Activity ::
Every line of the listing belongs in your answer exactly as written; the images do not.

Collected material ::
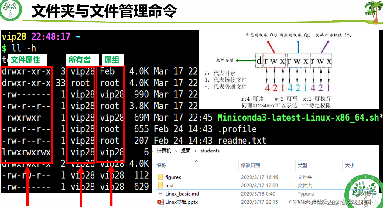 ls -l ## 列出当前目录下文件的详细信息,长列表格式显示文件和目录。在输出中,第一个字符表示文件类型,其中d表示目录,-表示普通文件
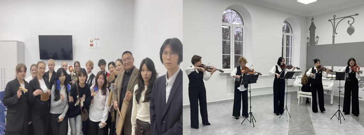 在座谈交流结束后,维捷布斯克国立大学相关学院负责人带领我校实践团开展校内教学与实训场所参观。美术与图形艺术学院院长索科洛娃介绍了美术教育专业的教学环境、创作工作室及文物修复实验室,重点展示了学院在艺术实践、材料技法与文化遗产修复领域的教学特色。数学与信息技术学院院长 扎列斯卡娅带领实践团参观学校的计算机与信息技术实验室,介绍数字化教学资源、信息技术课程体系及相关科研成果。化学生物与地理科学学院院长托尔卡切娃向我校师生展示跨学科综合实验室与生物科学实践教学条件,解读学院在实验技能培养、综合课程设计等方面的建设做法。在学前教育教学区域,实践团先后走进木偶剧实训室、儿童乐器教学室和手工活动室,白方教师系统介绍了该专业的核心课程体系、教学方法和实践组织方式。我校学生与白方学生共同参与木偶情景剧模拟、节奏启蒙练习及创意手工制作等活动,体验到白方重视儿童创造力与综合表现能力的教学理念。在音乐教育区域,实践团参观了合唱授课实训室、舞蹈排练厅及琴房等教学设施,我校学生现场参与声部分组练习、基础舞步训练及节奏模仿,与白方学生共同完成多项音乐实践任务,切身感受白方在音乐教育中对舞台表现力、团队协作和艺术综合能力的重视。其间,实践团与大学俄语教研室负责人及教师开展了语言学习专项交流,就我校学生在白俄罗斯学习俄语的整体情况、不同专业对俄语能力的要求、专业俄语课程设置等内容进行了深入座谈。双方围绕强化语言基础训练、优化专业俄语课程体系、加强学习过程跟踪、完善教学衔接机制等议题交换意见,就未来在俄语课程共建、教师互访授课以及线上线下混合式教学合作等方面达成初步共识,为合作办学项目中文化能力培养与语言学习质量保障提供了重要支撑。
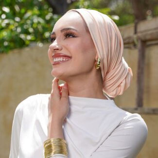 Made from leather-effect lycra, the fabric has a smooth surface with a subtle sheen and a soft stretch base for comfortable, secure wear. Lightweight yet structured, this turban offers flexibility while maintaining a polished appearance.
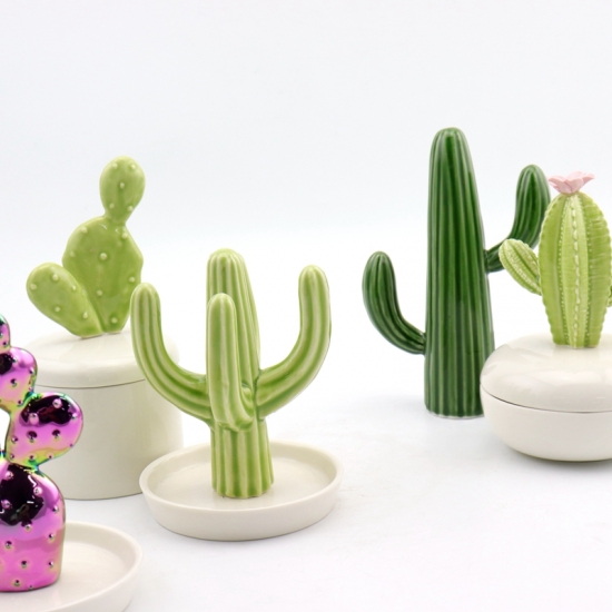2,000 pcsPainted ceramic cactus holds up your rings and things with his stem segments and Cactus Small Catch All Dish. Whimsy meets practicality with this charming cactus, which sits a top a smooth white tray. An artful way to hold your rings, earrings and other small valuables. Crafted from ceramic with a polished glaze finish.

Task solution ::
 ls -l ## 列出当前目录下文件的详细信息,长列表格式显示文件和目录。在输出中,第一个字符表示文件类型,其中d表示目录,-表示普通文件
 在座谈交流结束后,维捷布斯克国立大学相关学院负责人带领我校实践团开展校内教学与实训场所参观。美术与图形艺术学院院长索科洛娃介绍了美术教育专业的教学环境、创作工作室及文物修复实验室,重点展示了学院在艺术实践、材料技法与文化遗产修复领域的教学特色。数学与信息技术学院院长 扎列斯卡娅带领实践团参观学校的计算机与信息技术实验室,介绍数字化教学资源、信息技术课程体系及相关科研成果。化学生物与地理科学学院院长托尔卡切娃向我校师生展示跨学科综合实验室与生物科学实践教学条件,解读学院在实验技能培养、综合课程设计等方面的建设做法。在学前教育教学区域,实践团先后走进木偶剧实训室、儿童乐器教学室和手工活动室,白方教师系统介绍了该专业的核心课程体系、教学方法和实践组织方式。我校学生与白方学生共同参与木偶情景剧模拟、节奏启蒙练习及创意手工制作等活动,体验到白方重视儿童创造力与综合表现能力的教学理念。在音乐教育区域,实践团参观了合唱授课实训室、舞蹈排练厅及琴房等教学设施,我校学生现场参与声部分组练习、基础舞步训练及节奏模仿,与白方学生共同完成多项音乐实践任务,切身感受白方在音乐教育中对舞台表现力、团队协作和艺术综合能力的重视。其间,实践团与大学俄语教研室负责人及教师开展了语言学习专项交流,就我校学生在白俄罗斯学习俄语的整体情况、不同专业对俄语能力的要求、专业俄语课程设置等内容进行了深入座谈。双方围绕强化语言基础训练、优化专业俄语课程体系、加强学习过程跟踪、完善教学衔接机制等议题交换意见,就未来在俄语课程共建、教师互访授课以及线上线下混合式教学合作等方面达成初步共识,为合作办学项目中文化能力培养与语言学习质量保障提供了重要支撑。
 Made from leather-effect lycra, the fabric has a smooth surface with a subtle sheen and a soft stretch base for comfortable, secure wear. Lightweight yet structured, this turban offers flexibility while maintaining a polished appearance.
2,000 pcsPainted ceramic cactus holds up your rings and things with his stem segments and Cactus Small Catch All Dish. Whimsy meets practicality with this charming cactus, which sits a top a smooth white tray. An artful way to hold your rings, earrings and other small valuables. Crafted from ceramic with a polished glaze finish.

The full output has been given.